HP persamaan sin(3x-15)°=¹/²√2 untuk 0°<x<180° adalah?

0° < x° < 180°
0° < 3x° < 540°
-15° < (3x - 15)° < 525°

sin(3x - 15°) = 1/²√2
(3x - 15)° = 45°, (180 - 45)°, (360 + 45)°, (540 - 45)°
3x - 15 = 45, 135, 405, 495
x - 5 = 15, 45, 135, 165
x = 20, 50, 140, 170

Sin(3x - 15) = sqrt(2) / 2
3x - 15 = Sin^-1(sqrt(2)/2)
3x - 15 = 45
3x 45 + 15 = 60
3x = 60
x = 20

sin(a) = √2/2 means
a = 45° + k*360° or a = 135° + k*360°
Where k = 0, ±1, ±2, ±3...
The values 45° and 135° come from asin(√2/2) and 180-asin(√2/2)

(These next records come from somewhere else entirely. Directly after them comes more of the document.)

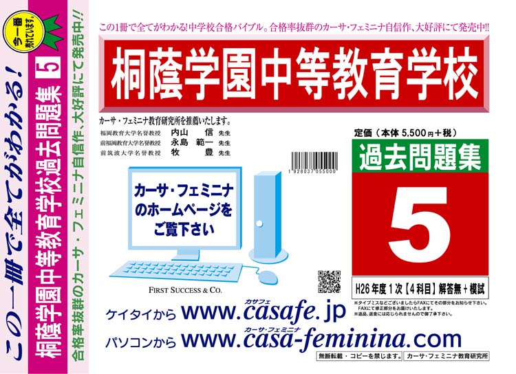 桐蔭学園中等教育学校 最新過去問5ヶ年セット[HPにある過去問のうちの5ヶ年] 2割引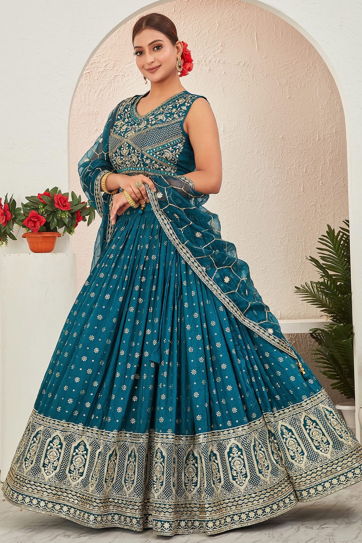 Size ChartLEHENGA FABRIC: JARI AND SEQUINS EMBROIDERY WORKED DOLA SILK. BLOUSE FABRIC: HANDWORKED AND EMBROIDERY WORKED DOLA SILK. DUPATTA FABRIC: EMBROIDERY WORKED ORGANZA.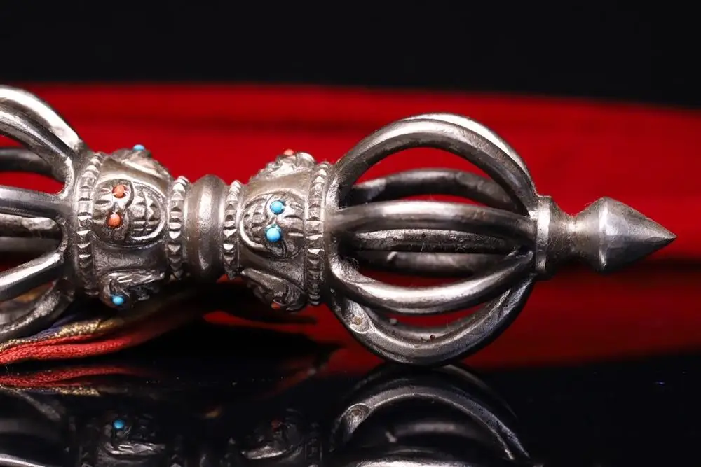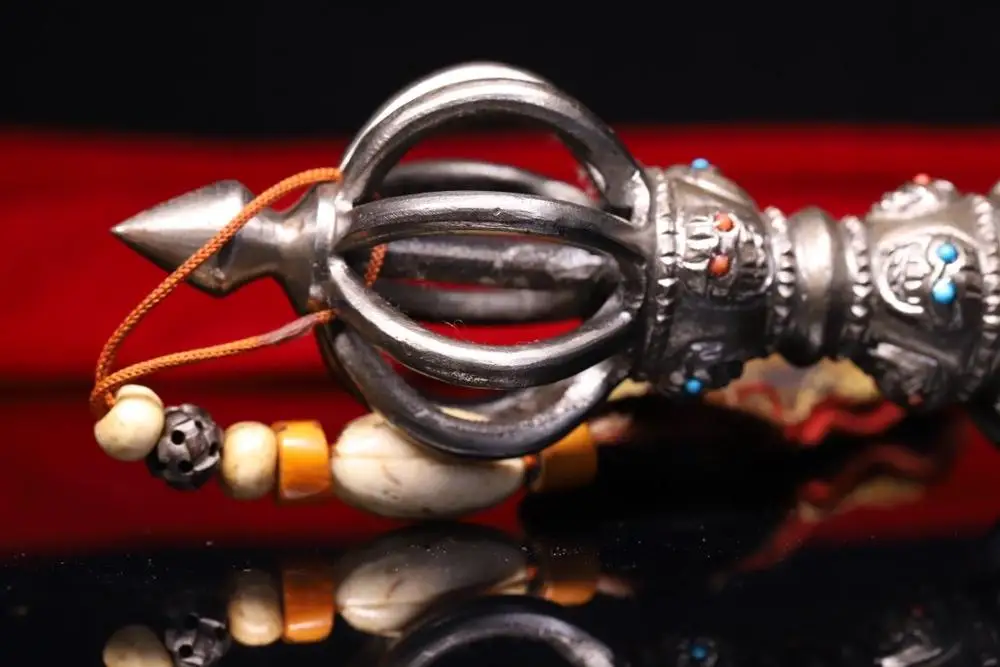 Product Name: wedding Decoration Tibetan Monastery Collection Tiantie Pure Hand-tapped Chisel Engraved Inlaid Old Gems Faqi Phurba Vajra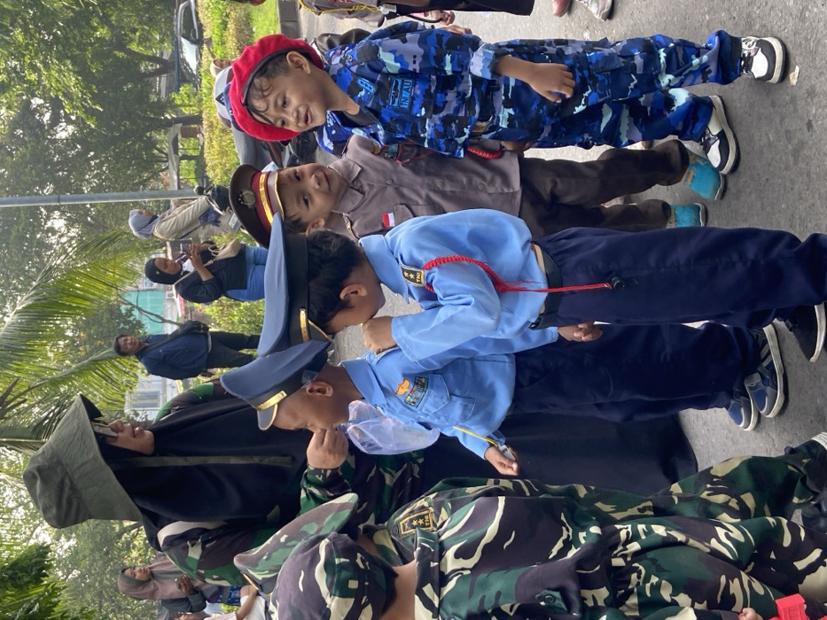 A group of children, dressed in military and police costumes, stand in a line. One child wears a red beret and blue camouflage. Another is dressed as a brown-uniformed officer, with a cap. Two children are in light blue uniforms with peaked caps. In front of the children are adults in civilian clothing and camouflage military gear. Some adults appear to be taking photographs. A tree and building are in the background.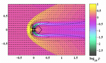 в единицах радиуса Бонди, заливкой показана плотность, длина векторов пропорциональна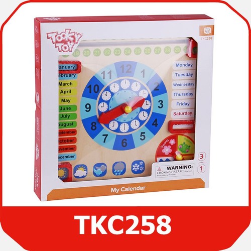 Drewniany kalendarz z ruchomymi elementami pomoże dziecku zrozumieć pojęcie czasu, mijających godzin, dni miesięcy. Kalendarz został zaprojektowany tak, aby zaangażować w dziecku myślenie i rozbudzić ciekawość. Na środku kalendarza namalowano zegar z obrotowymi wskazówkami. Tarczę zegara ponumerowano od 1 do 12. W środku zegara jest także tarcza minutnika. Tablica kalendarza ma namalowane 31 dni miesiąca, 7 dni tygodnia i 12 miesięcy. Nazwy namalowano w języku angielskim, dzięki czemu zabawa umożliwi dziecku naukę dodatkowego języka. Tablica ma różnorodne kształty z otworami służące do zaznaczenia kolejnego dnia tygodnia, miesiąca, aktualnej pogody i pory roku. Kalendarzem można bawić się w pozycji poziomej, a także dzięki przygotowanym specjalnie otworom można go powiesić na ścianie. Podczas zabawy dziecko ćwiczy zdolności manualne, rozwija umiejętności logicznego myślenia, koordynację ręka – oko, uczy rozpoznawania kolorów. Zabawki Tooky Toy są bezpieczne. Posiadają certyfikaty ekologicznych produktów. Pozbawione ostrych krawędzi, dobrze wygładzone, pomalowane są nietoksycznymi farbami i lakierami.

So let's go through the possibilities.
For k = 0:
3x - 15° = 45°
x = (45 + 15)° / 3 = 20° <<<<<<<<<<<<<<<<<<<
Also
3x - 15° = 135°
x = (135 + 15)° / 3 = 50° <<<<<<<<<<<<<<<<<<<

k = 1:
3x - 15° = 45° + 1*360° = 405°
x = (405 + 15)° / 3 = 140° <<<<<<<<<<<<<<<<<<<<<
3x - 15° = 135° + 1*360° = 495°
x = (495 + 15)° / 3 = 170° <<<<<<<<<<<<<<<<<<<<

k = 2:
3x - 15° = 45 + 2*360°
x = 260° (this doesn't work as it is > 180°, and neither will 135 + 2*360 or any of the higher k's).

So far that's 4 solutions. Check if any of the k = -1, -2, -3... work.